I don't usually read Football365 because I don't like the pro-Sky stance and use of the word "Scotch", but it had a good article some time back about why 1966 ruined English football forever, and everything would have been so much better had it never happened - the way it created an illusion that the English Way would be enough forever (even though the English Way had already been humiliated by Hungary 13 years earlier, and the '66 win was only made possible by structural reforms to the national side which have been needed so often since but have rarely actually happened).

Meanwhile, ITV1 have a programme on Sunday called 'Gazza's Tears - The Night That Changed Football'. I won't watch it - it will no doubt be full of Premier League/plutocratic self-justification, and will surely not mention the *other* key legacy of the 1990 World Cup (for which, although it's about a different match the year before, you need to look to Jason Cowley's 'The Last Game'): the submergence of the old middle-class culture by the *exact same* forces that have done for the old working-class culture, and the surrender of both to the market (in the former case, led by "Nessun Dorma" and the resultant classical crossover phenomenon).

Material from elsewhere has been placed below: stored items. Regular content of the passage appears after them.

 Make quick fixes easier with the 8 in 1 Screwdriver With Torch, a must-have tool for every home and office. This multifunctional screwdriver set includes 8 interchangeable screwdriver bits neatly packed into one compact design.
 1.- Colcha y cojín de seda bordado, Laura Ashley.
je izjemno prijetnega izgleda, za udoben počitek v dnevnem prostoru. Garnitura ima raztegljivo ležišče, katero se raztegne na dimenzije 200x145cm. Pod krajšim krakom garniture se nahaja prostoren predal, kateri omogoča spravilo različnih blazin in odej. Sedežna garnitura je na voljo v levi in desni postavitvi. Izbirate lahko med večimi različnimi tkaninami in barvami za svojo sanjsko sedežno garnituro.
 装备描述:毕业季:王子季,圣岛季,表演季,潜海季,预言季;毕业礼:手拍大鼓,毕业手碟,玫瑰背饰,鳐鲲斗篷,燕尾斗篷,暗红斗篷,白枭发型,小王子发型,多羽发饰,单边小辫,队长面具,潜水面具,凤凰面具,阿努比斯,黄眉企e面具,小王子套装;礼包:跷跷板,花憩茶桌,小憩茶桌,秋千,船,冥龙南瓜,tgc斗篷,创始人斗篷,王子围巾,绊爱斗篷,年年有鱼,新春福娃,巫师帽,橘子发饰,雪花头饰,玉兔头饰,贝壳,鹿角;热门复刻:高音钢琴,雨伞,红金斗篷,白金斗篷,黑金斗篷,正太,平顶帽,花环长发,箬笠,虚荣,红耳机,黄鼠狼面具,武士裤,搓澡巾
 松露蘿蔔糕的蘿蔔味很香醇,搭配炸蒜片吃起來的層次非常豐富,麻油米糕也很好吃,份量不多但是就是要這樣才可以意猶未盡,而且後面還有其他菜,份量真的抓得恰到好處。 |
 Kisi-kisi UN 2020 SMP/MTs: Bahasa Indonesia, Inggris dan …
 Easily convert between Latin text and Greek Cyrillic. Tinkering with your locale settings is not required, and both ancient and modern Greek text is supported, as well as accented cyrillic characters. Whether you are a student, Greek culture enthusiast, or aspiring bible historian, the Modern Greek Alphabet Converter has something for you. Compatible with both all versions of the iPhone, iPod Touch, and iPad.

And yet even that would probably have happened anyway, when you give it further thought: the tide of Thatcherism was already crushing middle-class resistance to mass commercialism, and had already liquidated the old collectivist working-class culture (which was a much bigger reason for football's poor image in the mid-80s than most want to admit). If it hadn't been the 1990 World Cup (and Liverpool v Arsenal 1989) it would have been something else. The global capitalist forces which have *really* changed football would have been unleashed anyway. No surprise that ITV1 doesn't want to talk about them, then.

DBC Reed said...

In retrospect,there is a lot to a lions(players) and donkeys(officials) reading of this situation.Had England gone into half-time on equal terms as they deserved ,even bone-head Capello would have realised that the defence needed shoring up (it had only let in one goal ,and then freakishly,in the previous 270 mins play).Instead our pell -mell attack left us open at the back.
So the players had to contend with stupid match officials;stupid FIFA officials who had banned goalmouth technology;the stupid FA who had appointed the unsuitably authoritarian Capello; the stupid Premier league with their energy sapping season (they were supposed to cut down to 18 clubs)and no winter break.
As in the First World War the French showed what to do with this kind of crap.